Adds McpRequestDelegateFactory — a static factory that creates a RequestDelegate for handling MCP Streamable HTTP transport requests. This enables MCP integration with traditional MVC controllers and other request-handling patterns without requiring minimal APIs (MapMcp()).

Motivation and Context

The ModelContextProtocol.AspNetCore package currently only exposes MCP HTTP endpoints via MapMcp() — a minimal API extension method. Users whose applications rely on traditional MVC controllers (AddControllers() + MapControllers()) cannot integrate MCP without also adopting minimal APIs. This change adds a McpRequestDelegateFactory.Create() method that returns a standard RequestDelegate, following the same pattern as ASP.NET Core's own RequestDelegateFactory.

Usage

[ApiController]
[Route("mcp")]
public class McpController : ControllerBase
{
    private static readonly RequestDelegate _mcpHandler = McpRequestDelegateFactory.Create();

    [HttpPost]
    [HttpGet]
    [HttpDelete]
    public Task Handle() => _mcpHandler(HttpContext);
}

How Has This Been Tested?

  • 3 new integration tests (McpControllerTests) covering connect, tool call, and tool listing via an MVC controller — all passing on net9.0.
  • Full existing test suite passes (1,825 core + 292 AspNetCore + 57 Analyzers tests, 0 failures).
  • Manual end-to-end test: launched the sample server and successfully executed initialize, notifications/initialized, tools/list, and tools/call (echo) via HTTP POST against the MVC controller endpoint.

Breaking Changes

None.
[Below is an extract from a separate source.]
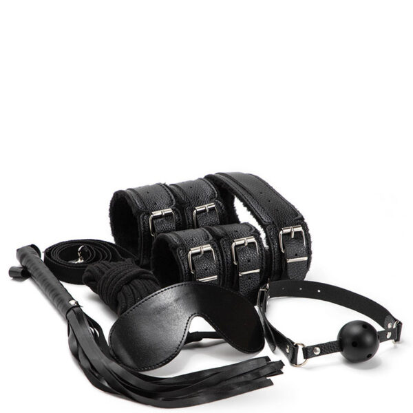 Kit bondage com 8 peças. Possui: 1 venda, 1 mordaça, 1 par de algemas,

This is a purely additive change — a new public static class McpRequestDelegateFactory is added. No existing APIs were modified.

Types of changes

  • Bug fix (non-breaking change which fixes an issue)
  • New feature (non-breaking change which adds functionality)
  • Breaking change (fix or feature that would cause existing functionality to change)
  • Documentation update

Checklist

  • I have read the MCP Documentation
  • My code follows the repository's style guidelines
  • New and existing tests pass locally
  • I have added appropriate error handling
  • I have added or updated documentation as needed

Additional context

  • Based on review feedback from @halter73, this uses the factory pattern (McpRequestDelegateFactory) instead of exposing the handler directly or via an interface. This approach is future-proof — if the MCP transport changes, the RequestDelegate abstraction remains stable.
  • StreamableHttpHandler remains internal with its original primary constructor — no internal types are exposed.
  • A new sample project (samples/AspNetCoreMcpControllerServer/) demonstrates the pattern.
  • The README includes a "Using with MVC Controllers" section.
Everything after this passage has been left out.